Li Fan, Fu Mingsheng, Chen Wenyu, Zhang Fan, Zhang Haixian, Qu Hong, Yi Zhang
IEEE Trans Neural Netw Learn Syst. 2024 Jul;35(7):8783-8796. doi: 10.1109/TNNLS.2022.3215596. Epub 2024 Jul 8.
Deep off-policy actor-critic algorithms have been successfully applied to challenging tasks in continuous control. However, these methods typically suffer from the poor sample efficiency problem, limiting their widespread adoption in real-world domains. To mitigate this issue, we propose a novel actor-critic algorithm with weakly pessimistic value estimation and optimistic policy optimization (WPVOP) for continuous control. WPVOP integrates two key ingredients: 1) a weakly pessimistic value estimation, which compensates the pessimism of lower confidence bound in conventional value function (i.e., clipped double Q -learning) to trigger exploration in low-value state-action regions and 2) an optimistic policy optimization algorithm by sampling actions that could benefit the policy learning most toward optimal Q -values for efficient exploration. We theoretically analyze that the proposed weakly pessimistic value estimation method is lower and upper bounded, and empirically show that it could avoid extremely over-optimistic value estimates. We show that these two ideas are largely complementary, and can be fruitfully integrated to improve performance and promote sample efficiency of exploration. We evaluate WPVOP on the suite of continuous control tasks from MuJoCo, achieving state-of-the-art sample efficiency and performance.

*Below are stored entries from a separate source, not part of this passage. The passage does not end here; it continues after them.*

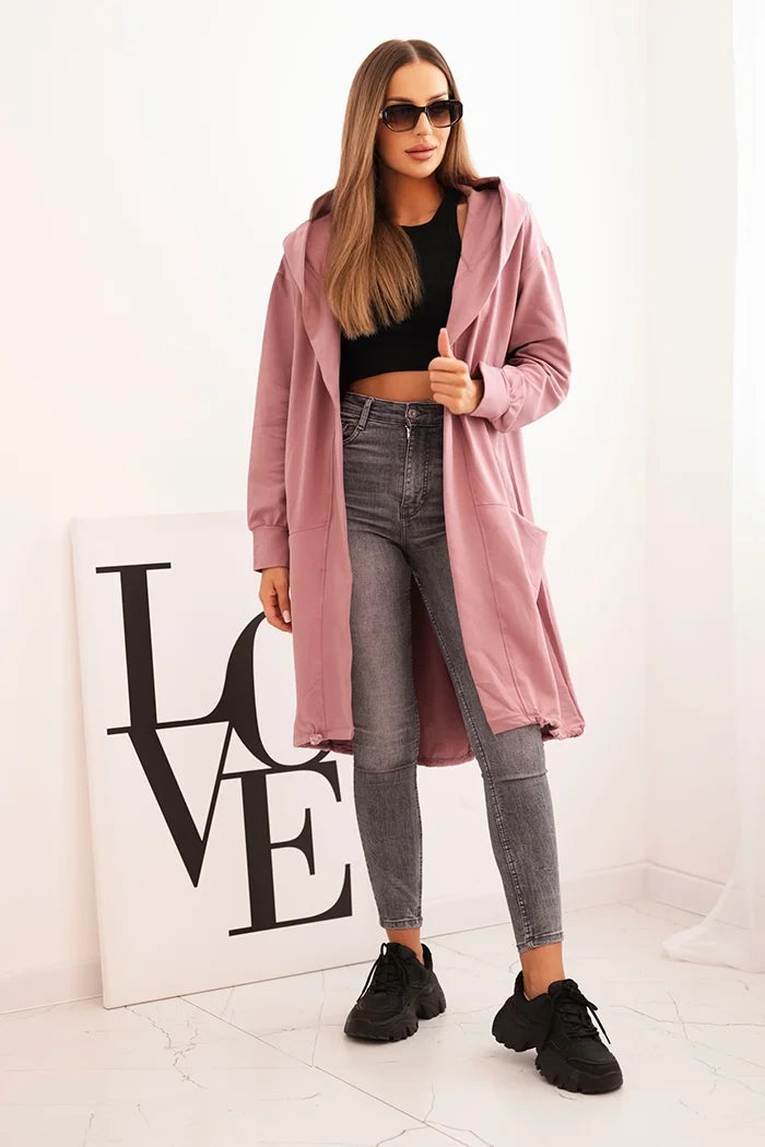 Kardigán s kapucňou oversize tmavo ružová univerzálne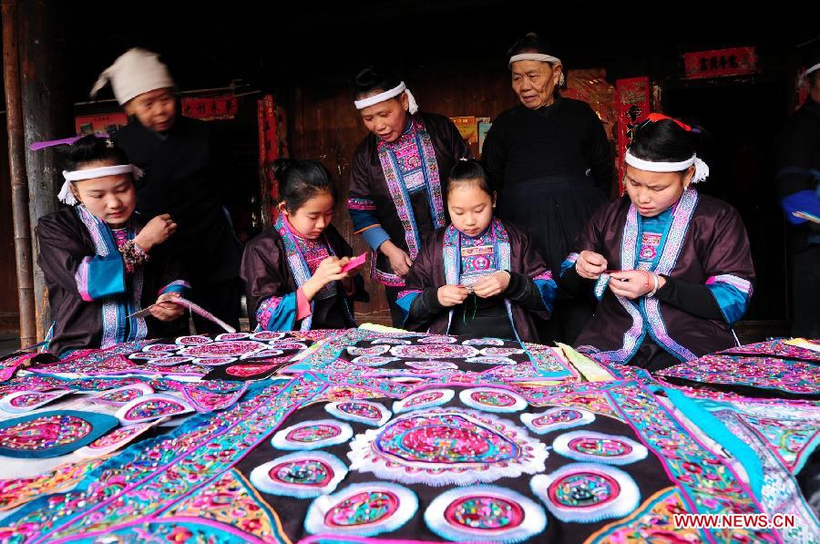 Women of Dong ethnic group make embroidery works at Tongle Village in Sanjiang Dong Autonomous County, southwest China's Guangxi Zhuang Autonomous Region, Jan. 26, 2013. The embroidery works made by Dong women have been sold to Britain. (Xinhua/Liang Kechuan)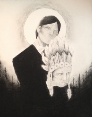 The medium I chose to work with were charcoal and india ink, for I felt they would give a harsh feeling within the piece. I decided to make the piece a greyscale for the lack of colour in his own world. He shadows over the eerie forest, but his new self it guided by the new found god pushed onto him.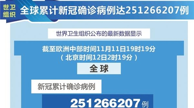 世衛(wèi)組織全球累計新冠確診病例達(dá)251266207例 ……[詳細(xì)]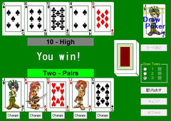 まず同じダウンロード元にあるカードデータをフォルダに入れてから開始。操作はマウスクリックで、いわゆるポーカーでCOMと対戦をする。チェンジが1~3回まで選べるというのが特徴で、まぁ高い役が狙いやすくなっている点は悪くないけど勝っても特に何も無くゲームとしては微妙。賭け金の概念もないし本当にただ対戦するだけで記録も残らないからなぁ。また同作者のブラックジャックもあまり出来は良くなく、2本合わせて☆1扱いとします。はい。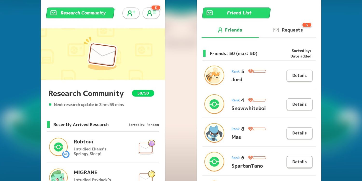 los amigos en Pokémon Dormir se puede acumular en el Comunidad de investigación. Aquí, amigos de todo el mundo, cada 4 horas, recopilará investigaciones y otorgará recompensas al jugador. Una instantánea que un amigo recopile de Sleep Research se parecerá mucho a las Postales de Amigos de Pokémon GO y, dependiendo del nivel de su amistad, el jugador recibirá más recompensas. Una tabla en el sitio web Pokémon Sleep de Serebii.net explica el nivel equivalente de recompensa.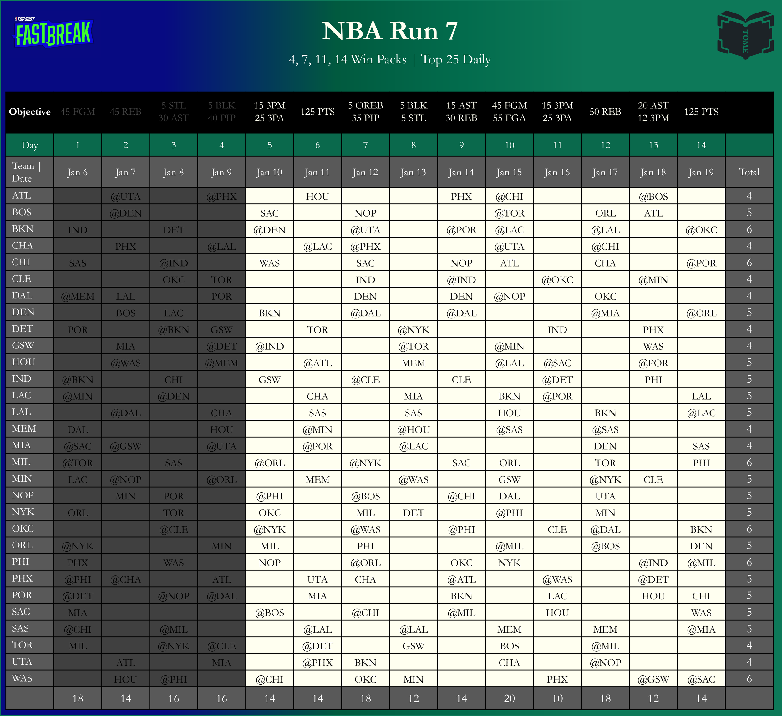 Tome+ Exclusive: Witty’s Cheat Sheet - plan your series using data for each day & objective (updated for Run 7)

深度离策略演员-评论家算法已成功应用于连续控制中的挑战性任务。然而,这些方法通常存在样本效率低下的问题,限制了它们在现实世界领域的广泛应用。为了缓解这一问题,我们提出了一种用于连续控制的具有弱悲观值估计和乐观策略优化(WPVOP)的新型演员-评论家算法。WPVOP整合了两个关键要素:1)弱悲观值估计,它补偿了传统值函数中较低置信界的悲观性(即裁剪双Q学习),以在低价值状态-动作区域触发探索;2)一种乐观策略优化算法,通过采样最有利于策略学习朝着最优Q值进行高效探索的动作。我们从理论上分析了所提出的弱悲观值估计方法是有上下界的,并通过实验表明它可以避免极其过度乐观的值估计。我们表明这两个想法在很大程度上是互补的,并且可以有效地整合以提高性能并促进探索的样本效率。我们在MuJoCo的连续控制任务套件上评估了WPVOP,实现了当前最优的样本效率和性能。